◆ ASSIGNMENT: Set down the line containing "2月17日,光明眼科学院党支" and each line after it through the last line of the records, exactly, leaving pictures out.

[Extracted data entries]
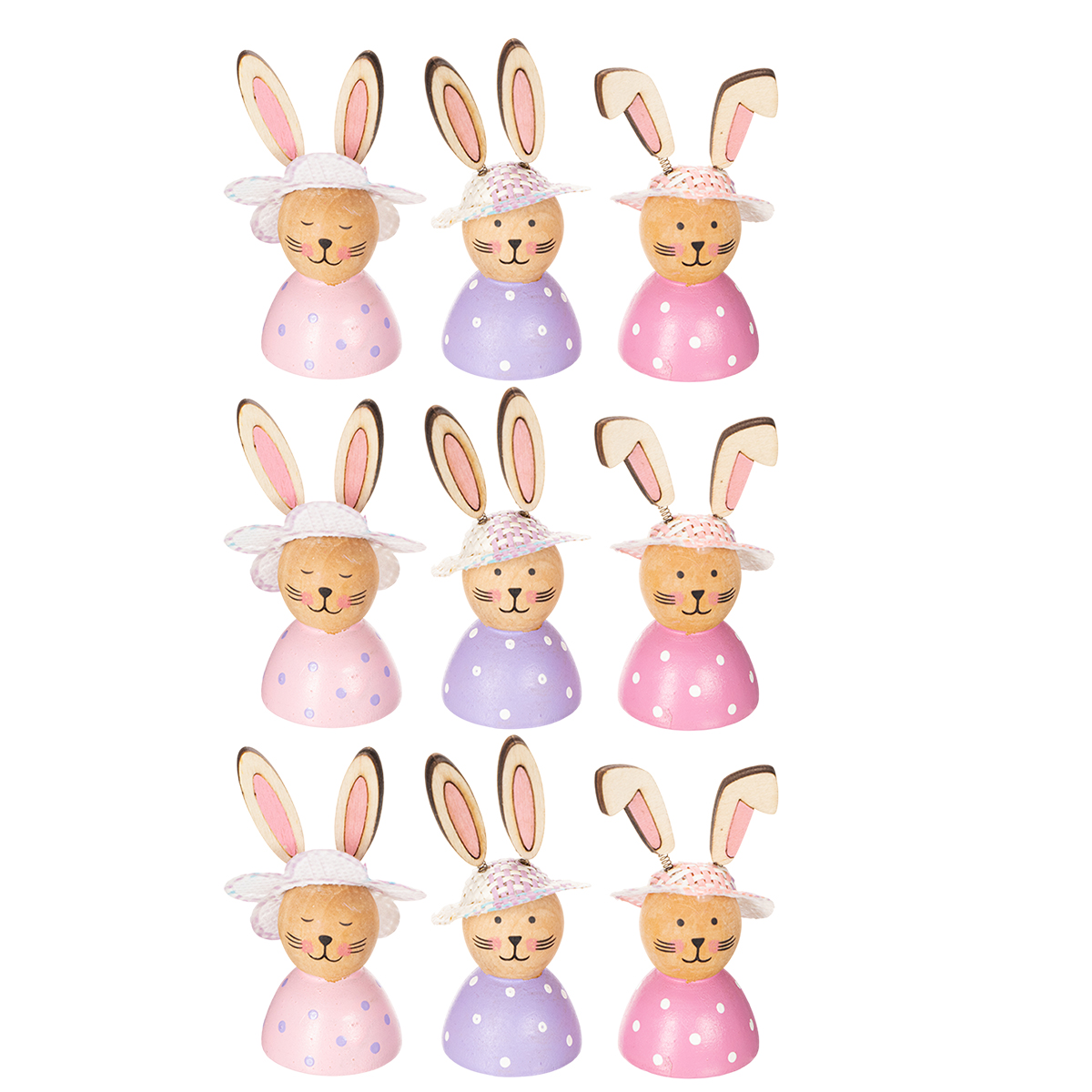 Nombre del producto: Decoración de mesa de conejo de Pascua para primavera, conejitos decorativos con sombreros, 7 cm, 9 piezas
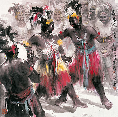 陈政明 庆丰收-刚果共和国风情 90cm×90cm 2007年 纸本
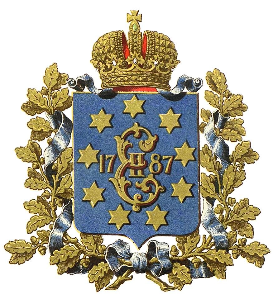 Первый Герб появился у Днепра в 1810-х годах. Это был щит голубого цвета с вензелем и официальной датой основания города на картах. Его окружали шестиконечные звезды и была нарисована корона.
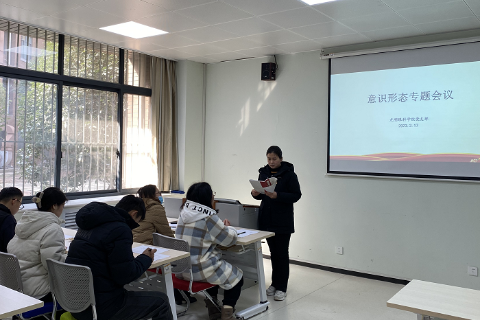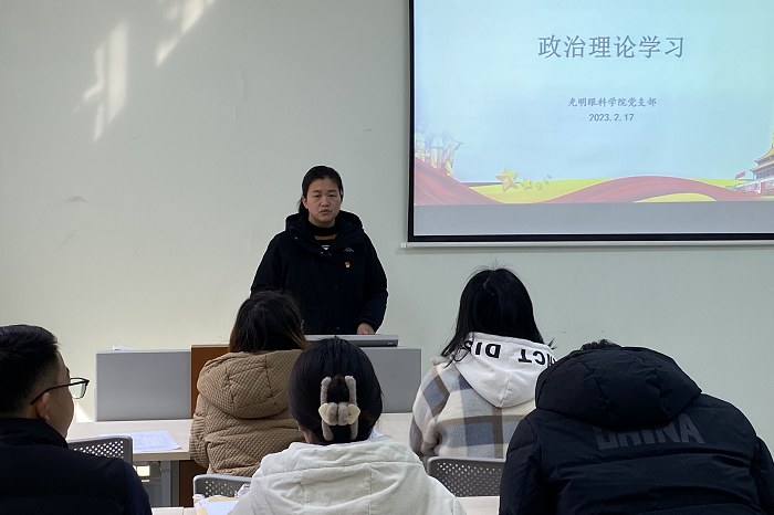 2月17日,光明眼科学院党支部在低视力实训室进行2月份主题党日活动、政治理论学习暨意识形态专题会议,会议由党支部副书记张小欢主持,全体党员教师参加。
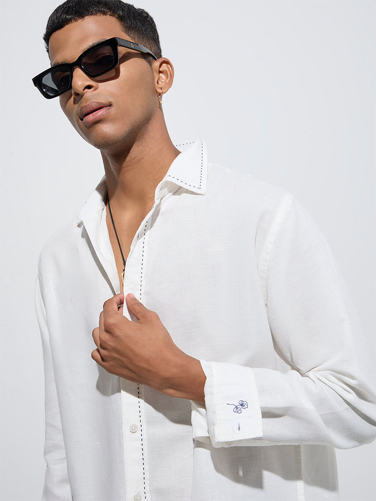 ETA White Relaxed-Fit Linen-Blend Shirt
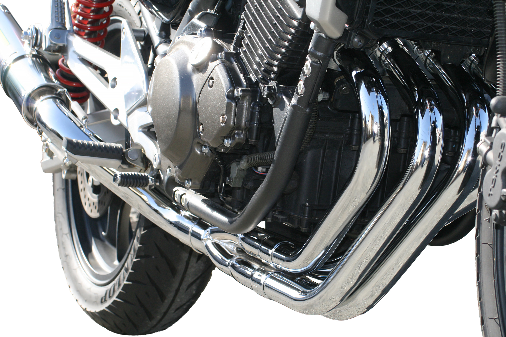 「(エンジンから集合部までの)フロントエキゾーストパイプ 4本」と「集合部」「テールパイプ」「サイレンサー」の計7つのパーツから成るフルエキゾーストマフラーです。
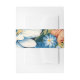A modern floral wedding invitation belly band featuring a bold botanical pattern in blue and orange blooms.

◆ SOLUTION FOR THIS TASK:
 2月17日,光明眼科学院党支部在低视力实训室进行2月份主题党日活动、政治理论学习暨意识形态专题会议,会议由党支部副书记张小欢主持,全体党员教师参加。
 ETA White Relaxed-Fit Linen-Blend Shirt
 「(エンジンから集合部までの)フロントエキゾーストパイプ 4本」と「集合部」「テールパイプ」「サイレンサー」の計7つのパーツから成るフルエキゾーストマフラーです。
A modern floral wedding invitation belly band featuring a bold botanical pattern in blue and orange blooms.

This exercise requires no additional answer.